EXERCISE DIRECTIONS: Exclude the pictures and reproduce the remaining data exactly as written.

COLLECTED MATERIAL:
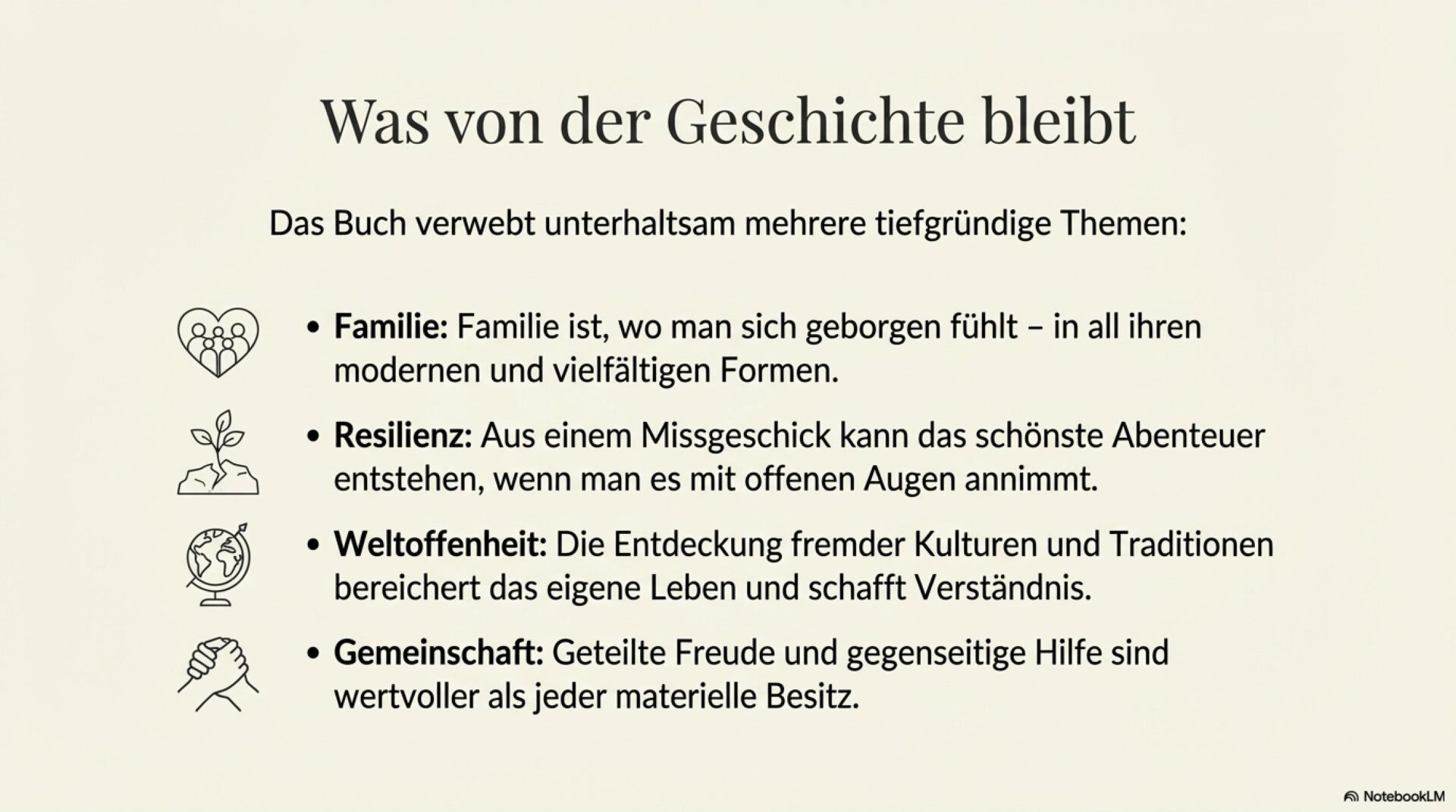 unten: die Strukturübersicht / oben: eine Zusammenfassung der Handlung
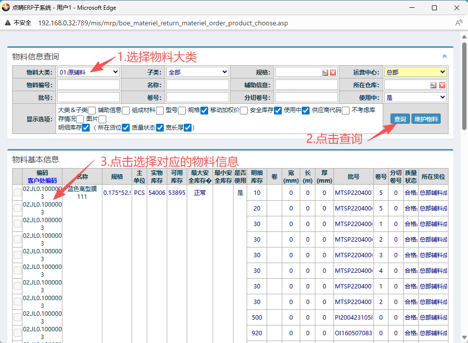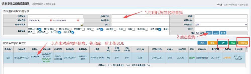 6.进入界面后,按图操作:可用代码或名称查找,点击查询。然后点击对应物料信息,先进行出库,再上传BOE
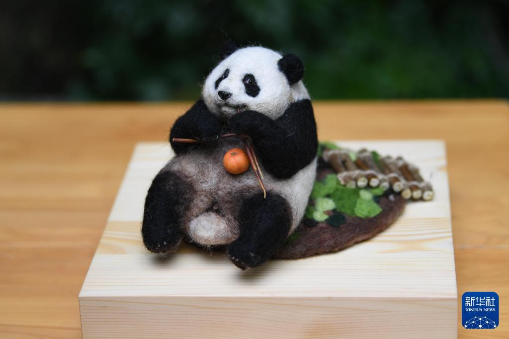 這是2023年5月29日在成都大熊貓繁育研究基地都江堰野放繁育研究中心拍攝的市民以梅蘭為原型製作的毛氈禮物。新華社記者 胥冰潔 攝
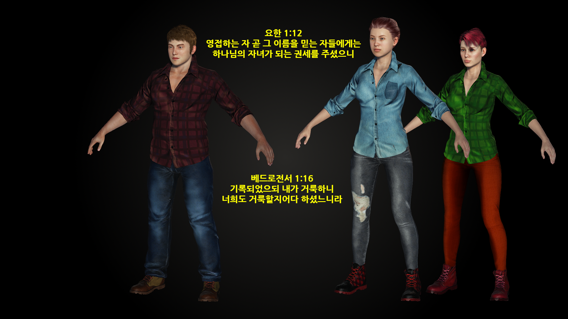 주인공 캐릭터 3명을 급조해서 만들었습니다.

YOUR RESPONSE:
 unten: die Strukturübersicht / oben: eine Zusammenfassung der Handlung
 6.进入界面后,按图操作:可用代码或名称查找,点击查询。然后点击对应物料信息,先进行出库,再上传BOE
 這是2023年5月29日在成都大熊貓繁育研究基地都江堰野放繁育研究中心拍攝的市民以梅蘭為原型製作的毛氈禮物。新華社記者 胥冰潔 攝
 주인공 캐릭터 3명을 급조해서 만들었습니다.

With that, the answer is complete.